# The Green Man Pub, February 2017



## urbexdevil (Feb 14, 2017)

On a total spur of the moment decision, I decided to explore The Green Man pub after forgetting my camera on a previous visit. Yep, facepalm moment that one was!

As always with sites like this, it was well and truely trashed by the local chav population and anything worth seeing was already gone. Snapping away the pictures I could and the pictures that were worth taking, we left the building intending on taking some external pictures.

Unfortunatly no later than 20 seconds after stepping outside, we were greeted by police and an unexpected presence of five or so cars. Turns out it was not related but were interested in why we were there, after a lengthy discussion we were on our way again. Big thanks for the new locations to miss officer person, we know each other all too well now haha!

Take only photographs, leave only footprints



> The Green Man is a grade II listed public house in Hertfordshire dating back to the seventeenth-century. In December 2010, the company that owned The Green Man, Pubs ‘N’ Bars, went into administration. Being in such an isolated location most likely contributed to the pubs closure.

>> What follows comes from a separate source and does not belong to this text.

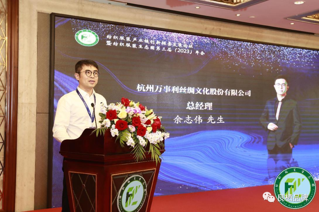 8月27日下午13:30,一场由纺织服装生态圈主办的“纺织服装产业链创新探索发展论坛暨第三届纺织服装生态圈(2023)年会”在上海市闵行区绿瘦酒店三楼富锦荟成功举办。该届论坛在中国服装设计师协会、上海服装行业协会的指导下,由上海良栖品牌管理有限公司承办,自2020年首届论坛开始,已经举行了3次。纺织服装生态圈由深耕纺织服装行业多年并历任各主要服装品牌高管的程伟雄先生发起,汇集鞋服行业上市公司品牌创始人及高管等顶流大咖、专业人士及产业链相关企业,旨在为广大鞋服企业创业(从业)者提供一个交流心得、探讨创意、寻求出路、共谋发展的平台,推动行业发展。程伟雄先生在开场致辞中说道:当前,国际环境复杂多变、风高浪急,我国发展进入战略机遇和风险挑战并存、不确定难预料因素增多的敏感时期。在经济发展面临需求收缩、供给冲击、预期转弱等多重压力下,纺织服装产业形势迷雾重重、成长钝化、内卷严重。召集鞋服行业圈内专业人士和产业链相关品牌与企业,从品牌、供应链、数字化、国际化等方面出发,围绕如何在迷雾中寻找微光,在迷茫中开启新路,共谋创新探索发展之道,推动行业发展是本次论坛的初衷。同时,程伟雄介绍到:该论坛被行业人士纷纷誉为鞋服行业的“博鳌论坛”。包括本届已连续举办三届,为纺织服装产业链在中国市场的发展起到市场补充作用,每届论坛的举办都安排在中国国际服装服饰秋季博览会前一天举办,期待在博览会之前先在行业内部形成思想启发与碰撞,在宏观与微观之中去寻求平衡。与来自全国各地近200名的企业家和国际友人共同分享与探讨行业之发展、市场之发展、企业与品牌转型、企业与品牌业绩倍增策略等课题,在不确定的市场迷茫之中寻求亮光指引。杭州万事利丝绸文化股份有限公司总经理余志伟先生、上海服装行业协会秘书长沈群先生、中国纺织品商业协会家纺家居委员会会长刘雁飞先生分别致辞发言。论坛上晨风集团创始人尹国新先生、沙涓艺术羊绒品牌创始人郭秀玲女士、猫人科技内衣品牌创始人游林先生、三夫户外创始人张恒先生、波司登国际控股集团有限公司副总裁王晨华先生、丽迅物流总经理袁明春先生、伯俊科技创始人孙一晖先生、新潮传媒联合创始人梁春华先生分别做主题演讲,分享各自企业的成功经验和创意。猫人创始人游林先生做“《科技猫人百亿蝶变》之变与不变”主题演讲。从猫人品牌2次生死起伏的发展经历作为切入点,阐述了企业使命、理想,并以自我革命的态度重新明确猫人科技内衣专家的定位的历程分享了如何实现百亿规模的秘密,并提出企业未来的千亿目标。沙涓艺术羊绒品牌创始人郭秀玲女士以匠心、可持续发展 、本真为关键词,做“中国品牌国际化路径”主题演讲,为与会嘉宾分享Sand River(沙涓)羊绒品牌从中国走向世界的故事。郭秀玲女士分享时提到,Sand River沙涓品牌从小处着手,以羊绒为基本材料,以工匠精神为本,深挖传统手工艺,重塑中国传统文化自信,从最早的品牌代加工到创立自有品牌,做成隐形冠军,走向世界,并入选商业案例,成为中国廉价产品的终结者。丽迅物流总经理袁明春先生从”柔、准、快“为关键词解析服装品牌从工厂端到门店端一体化库存解决方案,做“在不确定性市场现状下国内鞋服库存痛点商流与物流解决策略”主题演讲。袁明春先生指出:柔主要是柔性供应链,准在于做好产品的补货和生产预测,快在于借助科技赋能和数字化对畅销款、常青款进行快速反应,做到精准、少折腾,实现产品变现。晨风集团创始人尹国新先生做“供应链垂直一体化到市场端创新”主题演讲。尹国新先生分享了晨风集团从生产基地、面料研发设计、服装制版打样、品牌探索等多维度实现产业的集群发展,并从行业人才培养、绿色产业链建设和可持续发展等角度实现时尚可持续发展,给与会嘉宾以启发。伯俊科技创始人孙一晖先生做“从数字化应用与创新推动品牌企业的数字化改革赋能”主题演讲。孙一晖先生说到,伯俊科技24年专注为零售行业提供数字化服务,是一家有历史、有规模,既懂线上又懂线下的科技公司,为零售品牌企业从挖存量、探增量和数字化三个维度实现业绩可持续增长的赋能。三夫户外创始人董事长张恒先生创业经历、企业发展历史、业务布局、世界户外运动品牌发展历程及现状等维度做“户外运动品牌的江湖”主题演讲,并给与会嘉宾以新的认知和启发。新潮传媒联合创始人梁春华先生以“中国第一数字社区梯媒赋能品牌企业业绩倍增策略”做演讲主题。梁春华先生以外部视角审视服装行业的问题,以网络协同+数据智能重新定义电梯媒体,以 “晴天修屋顶”理论提醒企业注重品牌营销维护、实现品牌换新等角度分享了自己的观点,并提出中国服装消费正在从偏好产品向偏心品牌维度跃进。波司登国际控股集团有限公司副总裁王晨华先生做“以品牌引领高质量发展”主题演讲。王晨华先生指出经营品牌就是经营消费者的感觉,消费者的信赖是品牌最大的财富,创新是必须、是方向、是第一驱动力,以大数据驱动服装精准研发,优质柔性快反为工具,基于消费者心智升级传播内容是波司登品牌持续焕新的法宝。上海联合电子商务研究所执行所长、东华大学教授杨涛先生主持论坛第二

Here’s the very few pictures I took.


----------



## Sam Haltin (Feb 15, 2017)

Nicely done. A shame its in such a state looks to be a cosy pub at one time. I like the Dennis the Menace litter bin, very rare.


----------



## HughieD (Feb 15, 2017)

Yup - seconding to the fab Dennis the menace mug!


----------



## smiler (Feb 15, 2017)

I like an old boozer report with good pics, Nice One U D, Thanks


----------



## ironsky (Feb 15, 2017)

Pub closers are on the rise again as Pubco's are offloading their estates mostly to property developer's. Expect more like this soon .


----------



## prettyvacant71 (Feb 16, 2017)

you can't beat a good urinal shot


----------